“And how do you expect to do that?” he demanded, glaring at her. “Do you have a ship standing by, waiting to take you?”
“Well…no,” Elli had to admit. “But I’m sure I can find a way.”
“At least let me take you there,” Roke said and for a moment his scowl slipped, to be replaced by a look of desperate unhappiness and regret. “Allow me to see you safely home—let me do that much for you, little priestess.”
Elli swallowed the lump in her throat and tried to keep her voice calm.
“Thank you. I accept your offer.”
“Good. Ellilah—” Roke reached for her but she stepped away quickly.
“And now I really have to go—you know I can’t keep the Prince waiting. I…I’ll see you here, after the parade,” she told him.
Then she left, before he could see the tears stinging her eyes overflow down her cheeks.
Forty-Three
“Damn it all to the Seven Hells!” Roke swore as he watched her go. How had everything gotten so fucked up in just a few short hours?
He had no idea, but he wished he could go back in time to just before the Supper last night and make some excuse to keep from doing what he had done to Ellilah. Taking her virginity had been wrong, even though at the time it had seemed like the only choice.
You used her, a savage little voice in his head accused. Used her with no intention of bonding her to you. What kind of life will she have now? Can she even be a priestess now that her vows have been broken so irrevocably? Have you condemned her to a life of punishment and exile?
Roke had no answers—only guilt.
Should have bonded her to you when you had the chance, whispered that same little voice. Now it’s too late—you’ve lost her forever.
But he didn’t want to bond with Ellilah or anyone—did he? He was a Havoc, damn it! Well, half Havoc, but that was enough.
Closing his eyes, Roke remembered his Sire’s unending grief after the death of his mother. He had been a shell of a male—hollowed out by the emotional agony of losing the one who mattered most to him in the world.
The minute Roke was out of the house and safely on his own, his Sire had taken his own life. It was as though he had lived just long enough to raise his son and then given in to the grief that had been bearing down on him for years.
They said he must have killed himself within the hour after I left, Roke thought, remembering his first and last vid-call home, when he had learned of his father’s suicide. He did his duty by me and then went to meet my mother the moment I stepped out the door. He simply couldn’t live without her anymore.
Was that what he wanted, Roke asked himself? That constant vulnerability to endless, heartbreaking, debilitating grief? Because that was what he would be letting himself in for if he bonded the little priestess to him.

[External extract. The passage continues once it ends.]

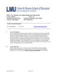 EDUC 573: Methods of Teaching Mathematics-Spring 2016 Course Section: Section K-1 Meeting Time and Place: Tuesdays, 4:00-6:40, Cedar Bluff Course Credit Hours: 3.0 Credit Hours Faculty Contact Information: Dr. Ashley Stanley I. 423-276-6631 ashley.stanley@lmunet.edu Course Description: This course introduces techniques, methods, materials, and evaluation of elementary and middle school mathematics programs. Candidates will have a basic understanding of the mathematical standards, including the National Council for Teachers of Mathematics standards and best practices for grades K-6 and their relationship to a quality math program and will demonstrate their understanding by using them appropriately in planning, teaching, reviewing, assessing, and modeling lesson plans with appropriate manipulatives at various grade levels for various reasons including exceptionalities. In the broadest sense, this course is designed to provide candidates with the ability to analyze situations in relationship to real life, and the use of technology as a tool to aid in the application/process of mathematical skills. II. Course Objectives: Students’ goals and outcomes for education courses should reflect the Teacher Education Program goals and performance expectations that are in the Teacher Education Handbook. Students in this course should stress diversity, research, and evaluation in all assignments. Revised 5/29/2015 Page 1 of 0 a. Relationship of this Course to Content Area Knowledge and Skills TN Standards: 1:1; 2:1, 2; 3:1,2,3; 4:1,2,3,4,5; 5:1,2,3,4; 7:1,2,3 TN Teacher Licensure Standards: 1:A,B; 2:A,B; 3:A,B; 4:A,B; 5:A,B; 6:A,B NCTM Standards: 2,3,4,5,6 b. Specific Course Objectives At the conclusion of the course, the students will be able to: 1. identify and apply problem-solving strategies and related manipulatives to real-life experiences (TNLS 1B, 4, 5A, 5B); 2. acquire knowledge of and ability to explain (as appropriate to grade levels) an overview of concepts of whole numbers, fractions, decimals, integers, measurements, ratio, technology, estimation, algebra, graphs, probability, statistics, geometry, and problem solving (TNLS 1B, 2A, 2B, 3A, 3B, 4A, 4B, 5A, 5B, 6A, 6B); 3. acquire knowledge of and the ability to explain the gather of, depicting of, and predicting data (TNLS 6B); 4. identify and remediate student error patterns in mathematics (TNLS 6B); 5. design and implement lessons using a variety of teaching strategies, including manipulatives, for mathematical concepts and operations and allowing for exceptionalities; identify and develop materials for introducing mathematical concepts using best practices (TNLS B1, B5) 6. integrate mathematical concepts across the curriculum (TNLS B1, B4) 7. acquire knowledge and use of standards in planning, developing, and evaluating mathematical programs (TNLS B) 8. demonstrate an understanding of effective instructional strategies that integrate mathematics content and processes (TNLS 1A); 9. use appropriate and accurate vocabulary and symbols of mathematics to express and justify mathematical concepts and strategies (TNLS B1, B3); 10. use a variety of manipulatives and other models to represent mathematical concepts, operations, and relations (TNLS B1, B5) 11. demonstrate both conceptual understanding of number operation sense and ability to apply those concepts and procedures in problem-solving situations (TNLS 2B); 12. analyze, represent, and describe change in a variety of contexts and problems using graphs, tables, and equations (TNLS B3, B4); 13. apply transformations and use symmetry to analyze mathematical situations (TNLS B3, B4); 14. demonstrate the ability to select and use symmetry to analyze mathematical situations (TNLS B3, B4); 15. select and use appropriate statistical methods to analyze data (TNLS B2, B6); and 16. understand the importance of the use of manipulatives in teaching mathematics (TNLS B1, B5). c. Summary List of Professional Dispositions 1. Attendance and Punctuality 2. Initiative 3. Work Habits 4. Oral Communication 5. Written Communication Skills 6. Collegiality Revised 5/29/2015 Page 2 of 0 7. Respect (in action and speech) 8. Commitment to Profession 9. Professionalism in Clinical & Field Placement (Ethics, Professional Growth, & Confidentiality) d. Unit Proficiencies (incorporated with the Unit’s Institutional Standards) Candidates at the initial and advanced programs throughout and upon completion of their plan of study will be able to: 1. articulate and demonstrate an understanding of the Dispositions of the Profession. 2. express the values of Active Engagement in Education and its value for improving the quality of life. 3. discuss and demonstrate the value of Social Skills. 4. demonstrate and apply the Content Knowledge, Skills, and Best Practices of the profession. 5. understand, articulate, and apply Pedagogical Skills. 6. demonstrate the ability to make informed decisions for improved practice through Reflection. 7. demonstrate growth and improvement in personal Social Intelligence. 8. demonstrate Analytical Skills. 9. demonstrate the ability to Synthesize Information to make informed decisions, from assessment data. 10. demonstrate the ability to Create a Positive Learning Environment. 11. understand, read, and conduct Qualitative and / or Qualitative Research. 12. demonstrate and implement Effective Communication Skills, both written and oral. 13. demonstrate Informational and Technology Literacy. 14. understand and implement Assessment and Evaluation. 15. articulate, implement, and demonstrate an Appreciation for Diversity, understand a Global Perspective and demonstrate an understanding that all students can learn. 16. understand and apply Legal Issues for Fairness and Social Justice. 17. appreciate the value for Lifelong Learning. III. Texts/Materials for the Course: All students are required to purchase the College Live Text computer program. There will be specified assignments required for submiss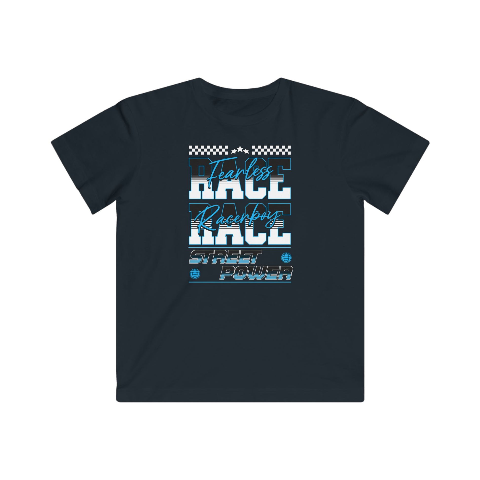 Fearless racerboy design on a light, comfortable Kids Tee. Perfect for young boys who love racing and adventure. Ideal for birthday parties, playdates, and everyday wear.

He would live with her, happy in the euphoria of her love, but always in the back of his mind would be the knowledge that if something happened to her he would be driven mad with the agony of loss…
It’s better to let her go—safer, he argued with himself. And she doesn’t want to bond with you anyway. She’s a priestess—she has another life aboard the Mother Ship.
A life he might have ruined for her forever.
And then the guilt came back and he was right back where he had started, having come full circle. It was maddening.
I’m a fool, Roke told himself. An indecisive idiot.
Forget going back in time to stop the events of the night before—he wished he could go all the way back to the human’s Christmas party aboard the Mother Ship and stop himself from drugging the punch. Maybe even stop himself from meeting Ellilah in the first place!
If only it was possible to do that—to go back and stop himself from meeting her—to stop himself from falling in love.
But it was too late for that, Roke admitted to himself. Too late to do anything but call himself a fool and try to live with the consequences of his actions.
Forty-Four
The parade was long and tiresome, winding as it did through all the long cobblestone streets of Capital City. Elli was glad she’d decided to wear her riding boots under her long red dress. If she’d worn the thin satin slippers that went with it, her feet would have been horribly sore long before the splendid spectacle was over.
At least Demon was behaving himself beautifully. Elli had explained to him before the parade what was expected of him and though he didn’t like carrying the Crown Prince, he was docile and quiet because she was at his head, leading him through the cheering crowds.